Toujours porteur de mélodies six-cordes subtiles et rêveuses, cette troisième galette du quintet de Caroline du Nord dévoile des trésors de sensibilité au fil des écoutes.


Mais qu’est-ce qui cloche chez les Kingsbury Manx ? Ce groupe possède pourtant toute les qualités pour être énorme : des mélodies douces et enchanteresses, des influences estimables (l’innocence des Byrds, les arpèges délicats de Nick Drake, le brin de folie d’un Syd barrett) sans compter des pochettes sublimes, digne des grandes toiles des maîtres impressionnistes.
Oui, ces gars là ont du goût, et pourtant malgré déjà trois albums derrière eux, les Kingsbury Manx peinent à élargir leur audience, balottés entre l’admiration de leurs pairs et leur statut maudit de groupe « culte ».

Issu de la scène indépendante de Caroline du Nord, le quatuor (devenu quintet avec l’arrivée du clavier Paul Finn l’année dernière) sort un premier album éponyme en 2001, véritable bol d’air frais pour tous les amateurs de guitares cotonneuses et ambiances en dilettante. Très bien reçu, le disque figure même dans quelques classements de fin d’année de revues spécialisés.
Fort d’une formule originale, la formation possède de plus cette particularité singulière d’avoir trois excellents compositeurs en ses rangs : Ryan Richardson (batterie, basse, chant), Kenneth Stephenson (guitare, chant) et Bill Taylor (guitare, chant).

Malheureusement, la deuxième livraison – le pourtant honorable Let It Down – sonne comme une redite du premier et l’intérêt retombe brutalement comme un soufflet. Comme bien des groupes où l’engouement du premier album contraint inexorablement à se surpasser, on sent sur ce disque les Kingsbury Manx emprisonnés dans leur propre jeu. A tel point que ce nouvel album – chroniqué ici et sorti à l’origine en 2003 – est passé totalement inaperçu. Cruel sort, car leurs disques ont pourtant le mérite de vieillir admirablement.

Conscient peut-être de ses limites, le groupe s’est fait violence sur The Aztec Discipline, enregistré en cinq temps dans différents studios. Un disque troubadour donc, qui se ressent jusqu’au tempo, plus relevés que d’habitude. Rassurons-nous, ce n’est toujours pas du Slayer, nos amis restent fidèles à leur formule (magique), mais se permettent quelques digressions pertinentes.

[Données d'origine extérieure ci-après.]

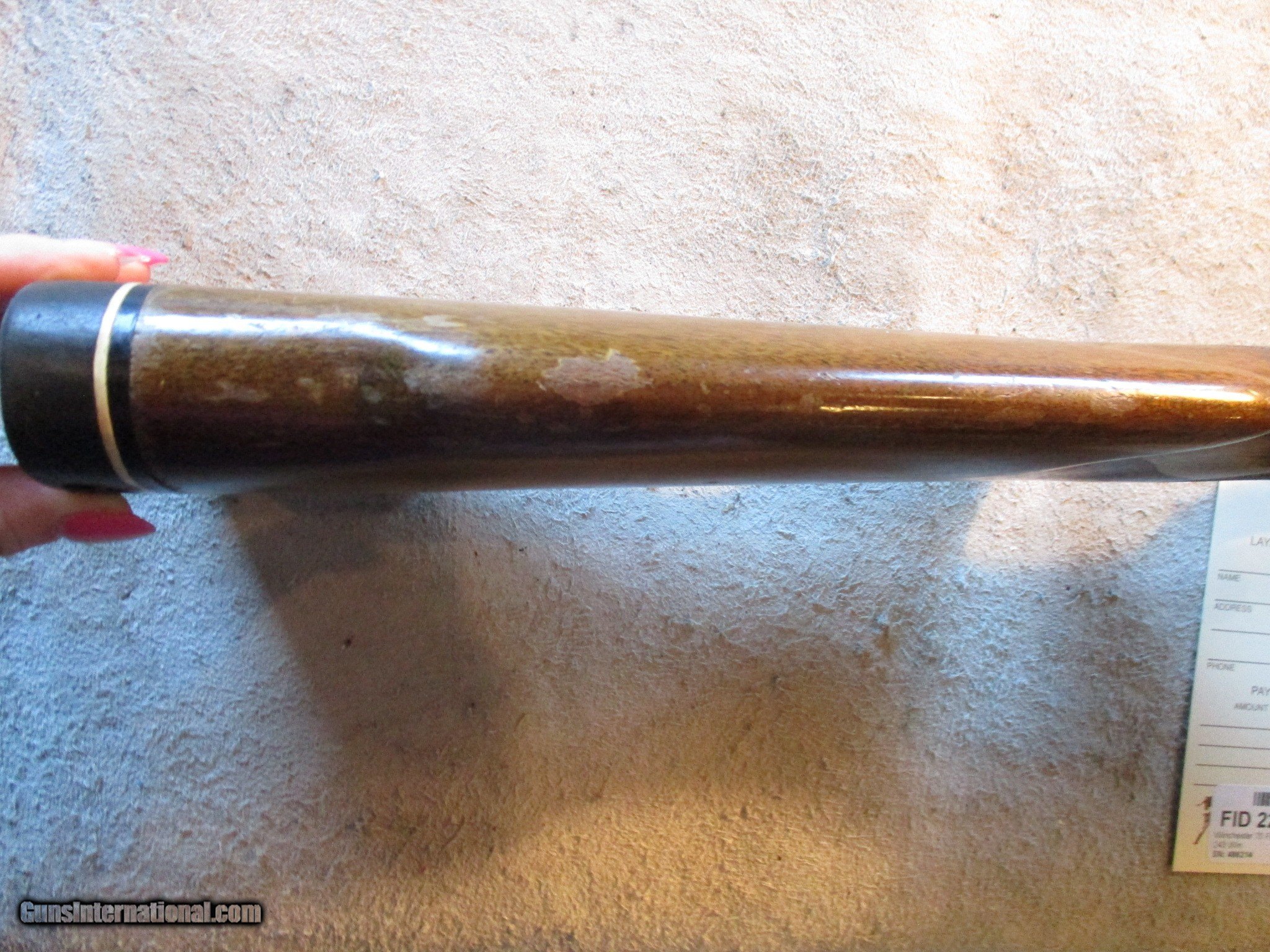 Description: Winchester Model 70 Featherweight, pre 1964, made in 1960. SN is 4862xx. Factory finihsh on both wood and metal. LOP is 13 3/4". Perfect bore, perfect working order, no rust, no cracks. Nice classic shooter! We will trade for silver and gold. We accept personal check, any certified funds, Venmo or Zelle. We can also take your credit card, +3%. Email me if you would like these pictures sent to you, they will come through bigger and better than on the listing page here. We do offer Layaway. Our standard terms are 25% down, 90 days. Initial deposit is not refundable. Email me with any questions. Please check your local laws to confirm it is legal to own in your state! Buyer pays $60 shipping and insurance in a brand new PLANO hard case to your FFL in the lower 48. AK, HI or PR is extra. I will ship to California, as long as it is legal, NO PROBLEM! All my guns come with a non-firing, 3 day unconditional return privilege, from the day UPS delivers to your dealer. Buyer pays shipping both ways if the gun comes back. Please make sure to make it to your FFL to inspect within the 3 days. I am a licensed FFL, and will include a copy of my FFL with the gun for your dealer’s records. I will ship to a C&R if the gun is eligible. I will ship to California, but you need to confirm the gun is legal where you are, California or other. WE BUY AND CONSIGN GUNS AND GUN COLLECTIONS! We will travel to pick up collections! I am always looking for good clean, old original Winchesters to buy, consign, or trade, especially Pre '64's model 70's and model 54's. WE ALSO TRADE FOR CLASSIC CARS AND TRUCKS! We also trade for gold and silver. SOLD Rifle Caliber: .243 Winchester Manufacturer: Winchester Model: 70 Featherweight Barrel Length: 22 Condition: Used |

Après un premier disque porté sur l’innocence amoureuse, puis un autre sur le tourment sentimental, The Aztec Discpline évoque cette fois la séparation.
Le disque est plus sombre, de nouvelles ambiances ont envahi l’espace créatif. Fini les nuages roses, les cordes se font plus torturées, on sent que le vent va tourner et qu’une tempête pointe le bout de son nez à l’horizon. Rien de bien brutal, mais des sentiments malsains viennent enrober ces mélodies pourtant si vierges (« De-Da Demantia », le mystérieux et très floydien « Dinner Bell »).

On retrouve aussi cette collection de chansons boisées un brin cosmiques chère aux disques précédents (« Your Castle », « Plez Komet », et l’emporté « Grape To Grain »). Et puis parfois, le miracle se produit, le temps d’un bouleversant « Fixed bayonets », à filer des boutons de fièvre à Sam Beam, le menuisier surdoué d’Iron & Wine.

A part peut-être un disque de Gorky’s Zygotic Mynci ou Radar Bros, vous ne trouverez pas une si belle brochette de mélodies plus attachantes et élégantes cette année.